ぐっと腰を押し付けられると、慶次の其れを口開き飲み込んでいく。
「湯、が……はいる…」
慶次の腕に爪を立てた。
慣れた兼続の中は容易に奥深くまで、飲み込む。
「ん…んん、…」
慶次が動き始めれば、ぱしゃぱしゃと腹の上で湯が踊った。
「あぁ、あ…慶次…けいじ…」
家臣のことなど頭から消えていた。

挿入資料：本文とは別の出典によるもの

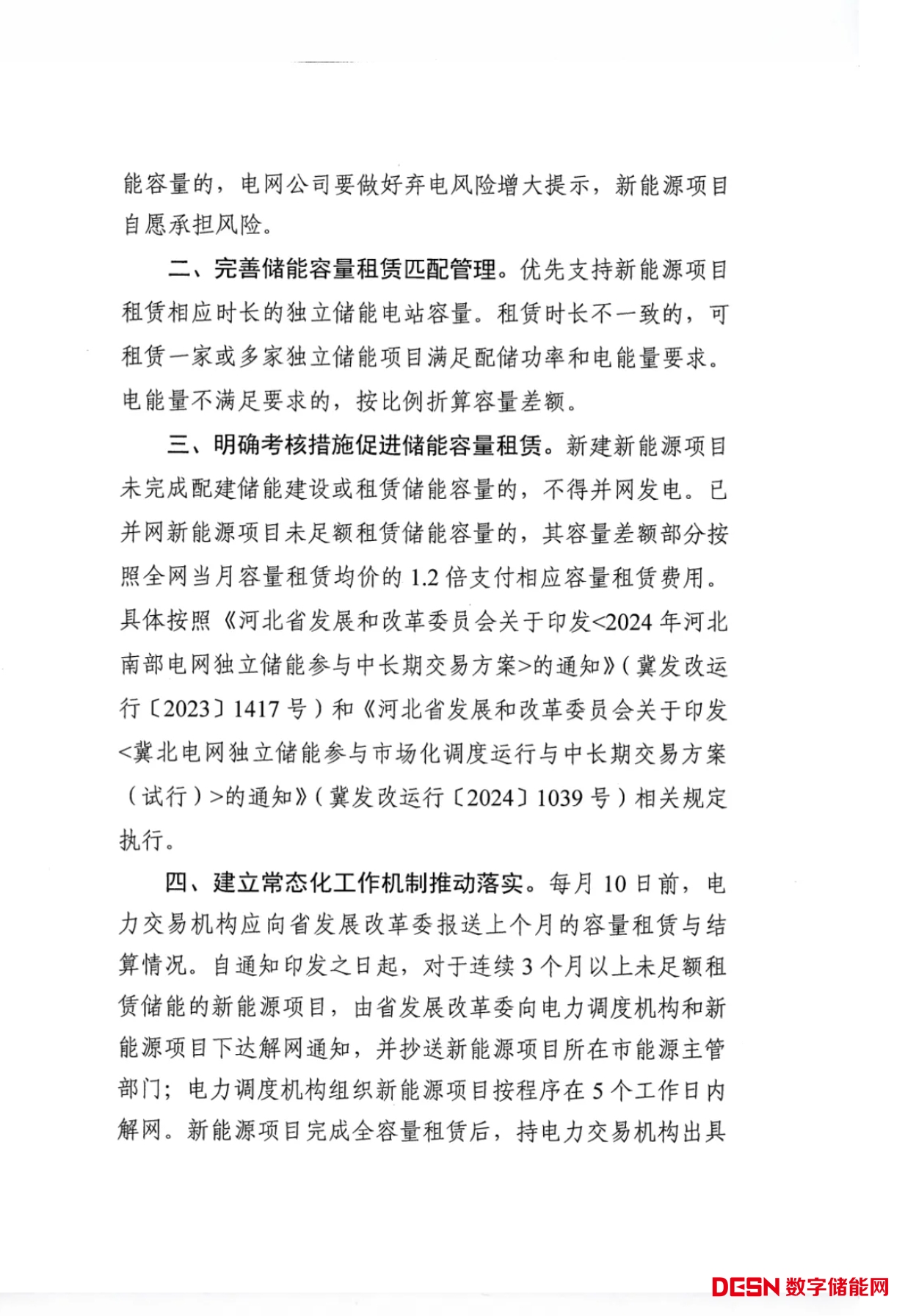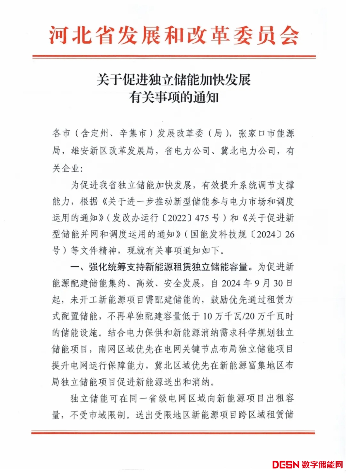 強(qiáng)化統(tǒng)籌支持新能源租賃獨立儲能容量。為促進(jìn)新能源配建儲能集約、高效、安全發(fā)展,自2024年9月30日起,未開工新能源項目需配建儲能的,鼓勵優(yōu)先通過租賃方式配置儲能,不再單獨配建容量低于10萬千瓦/20萬千瓦時的儲能設(shè)施。
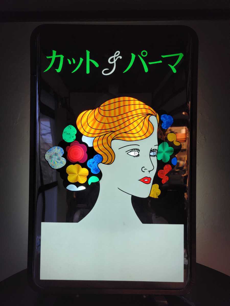 昭和レトロ ヴィンテージ カット&パーマ 電光看板 理容店 美容室 ヘアーサロン 床屋さん。
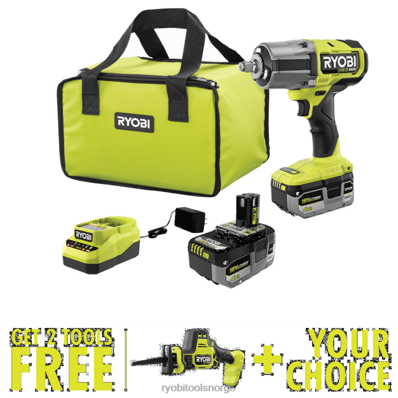 ryobi introduserer 18v one+ hk børsteløs ” slagnøkkelsett med høyt dreiemoment med gratis 18v one+ hp kompakt børsteløs enhånds stempelsag og valgfritt valgfritt verktøy. one+ hp-teknologi gir mer kraft, kjøretid, holdbarhet og hastighet ved å bruke børsteløse motorer, avansert elektronikk og høyytelses litiumteknologi. denne skiftenøkkelen har en børsteløs motor som leverer opptil 1170 ft-lbs. av brytningsmoment og 7x raskere fjerningshastighet for å utmerke seg i krevende bruksområder. 4-modus kontrollkortet gir lave/middels og høye hastigheter mens automodus forhindrer overstramming i forover og kontrollert fjerning iomvendt. den støpte girkassen har større holdbarhet i de tøffeste arbeidsmiljøene. denne slagnøkkelen er designet med effektivitet i tankene, ambolten med friksjonsring gir raske fatningsskifter og de tre-strålede ledede arbeidslysene gir god sikt til arbeidsområdet. dette partnerskapet av kraft og ytelse gjør dette til den perfekte løsningen for enhver bilbutikk. del av ryobi one+-systemet – et hvilket som helst 18v one+-batteri fungerer med alle 18v one+-produkter. dette 18v one+ hk børsteløse 4-modus 1/2 tommers slagnøkkelsettet med høyt dreiemoment dekkes av ryobi 3-års produsentens garanti og inkluderer pbliw01 18v one+ hk børsteløs 4-modus 1/2″ høymomentnøkkel, (2) ) pbp004 18v one+ 4ah litium høyytelsesbatterier, lader, veske og brukerhåndbok med gratis psbrs01 18v one+ hp kompakt børsteløs enhånds stempelsag og valgfritt valgfritt verktøy.
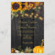 Rustic country traditional harvest fall sunflowers, autumn flowers and pumpkin BUDGET affordable wedding invitation card on a dark brown barn wood like background with string lights. +++++++++++++++++++++++ Ideal for farmhouse barn outdoor backyard weddings.
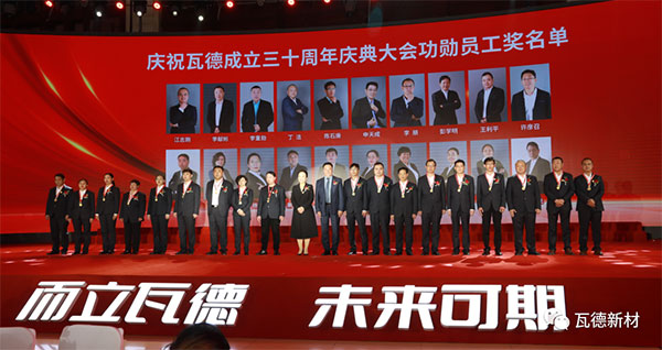 來自于全國各地的經銷商、代理商、行業協會代表、親朋好友以及企業員工500余人齊聚一堂,共享瓦德新材集團30年的慶典盛況。
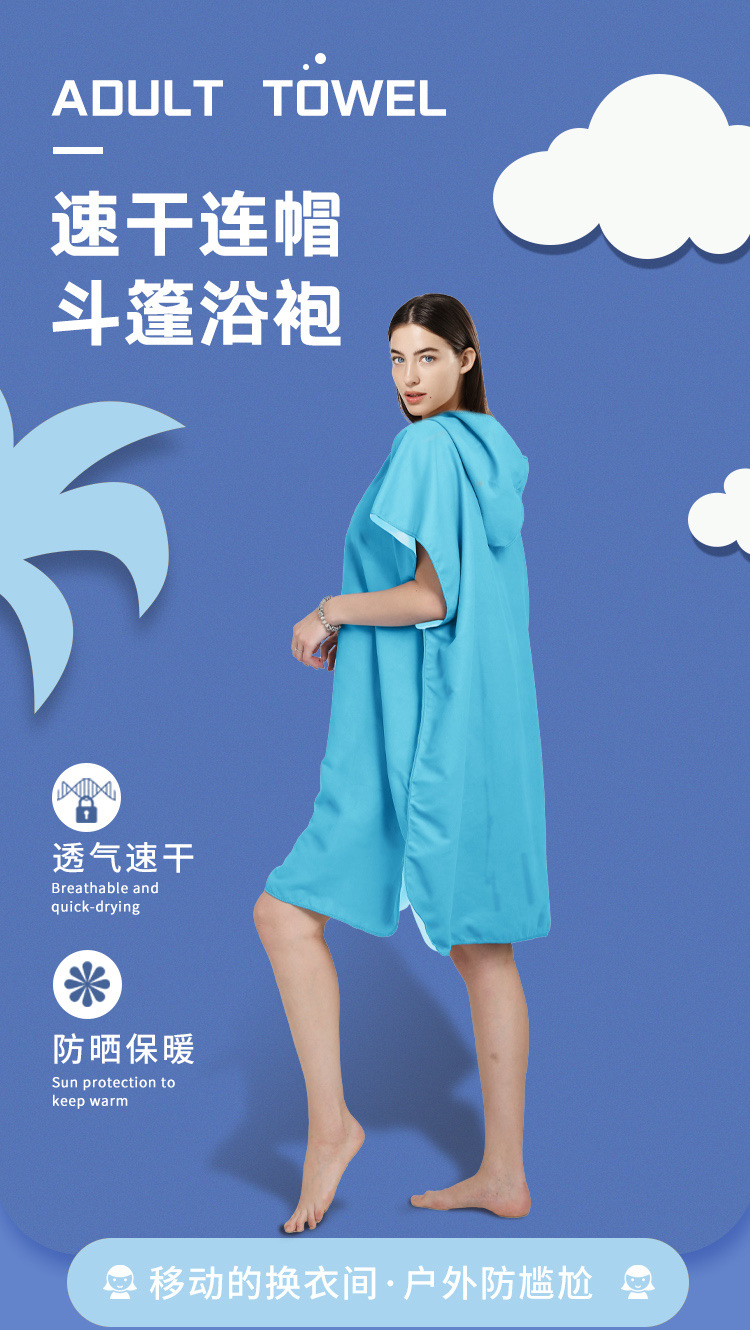 Adulto playa natación buceo cambiador bata de baño doble cara gorra rápida absorción de agua secado veloz capa toalla de baño
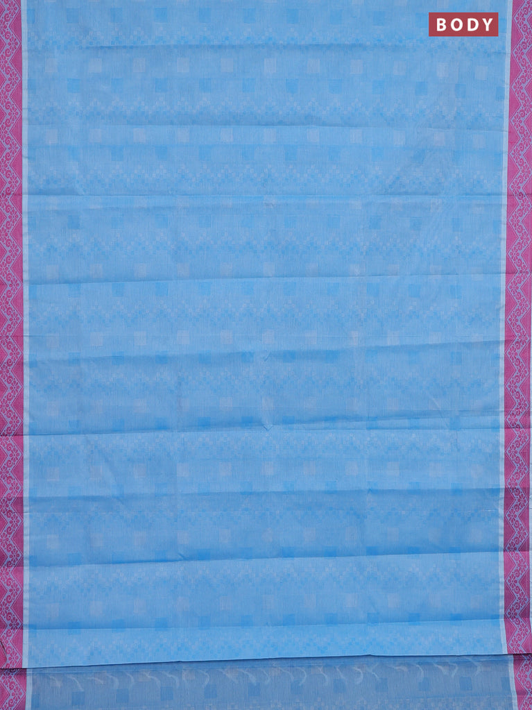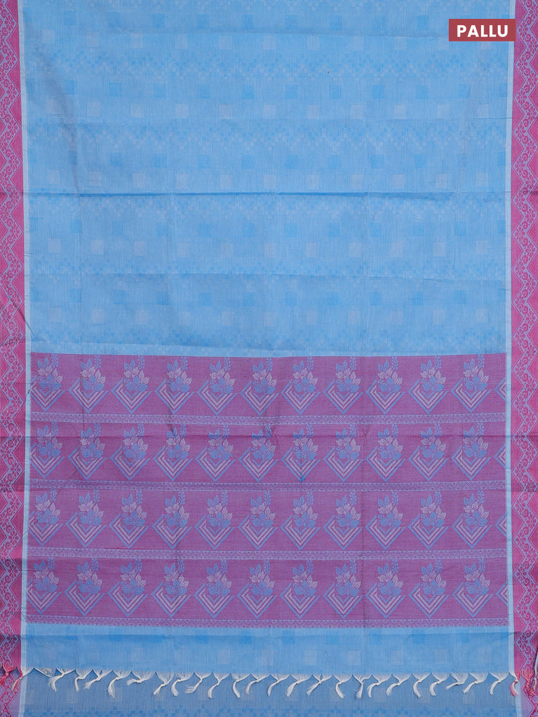 Coimbatore cotton saree light green and teal blue with allover self emboss and thread woven border

ただ、本能だけが身を焦がす。
慶次の背に手を回すと、しがみ付くように強く抱き締めた。
「あ−…、っ…」
声が風呂場に響く。
「ん、ん、ぁ…だめだ、けいじ…だめ…あ、あぁ」
高い波が押し寄せたかと思えば、がくっと堕ちる様な感覚が襲う。
慶次の腰に絡んだ脚が痙攣した。
その動きが、慶次のものに強い刺激を与え、兼続の中に精を吐き出させた。
「ふっ、ふっ、」
兼続は荒い呼吸を繰り返すと、香る檜の匂いを感じつつ、ぱたりと意識を途切れさせた。
背に回していた手が、がくりと落ち、力なく湯の中に沈んだ。
「悪かったねえ、兼続」
ぱたぱたと扇子で煽ぎながら、慶次は頭を垂れた。
目の前には額に濡れた布を乗せ、蒲団に横たわる兼続の姿があった。
湯に入りすぎた為に兼続は逆上せてしまったのだ。
「慶次、あんなことをする為に造らせたのではないぞ」
「それは解ってるんだけどさ、つい…な」
「つい、でされては困る!」
がばっと起き上がるが、まだ血がのぼったままで蒲団へと再び倒れこんだ。
落ちてしまった布を慶次は拾うと、兼続の額に乗せた。
「あんたがさ、あまりにも色っぽいから…」
「私が悪いと言うのか?」
布の下から僅かに見える眸で睨んだ。
「そうは言っちゃあいねえさ」
慶次は首を傾げると、己の顎を撫でた。
「風呂ではよしとくよ」
「…それだけでは腑に落ちないが、風呂には入るだけにしてくれ」
んーと慶次は返事した。
(また、しちまいそうだけどな)
そう思いながら、扇子を強く煽いだ。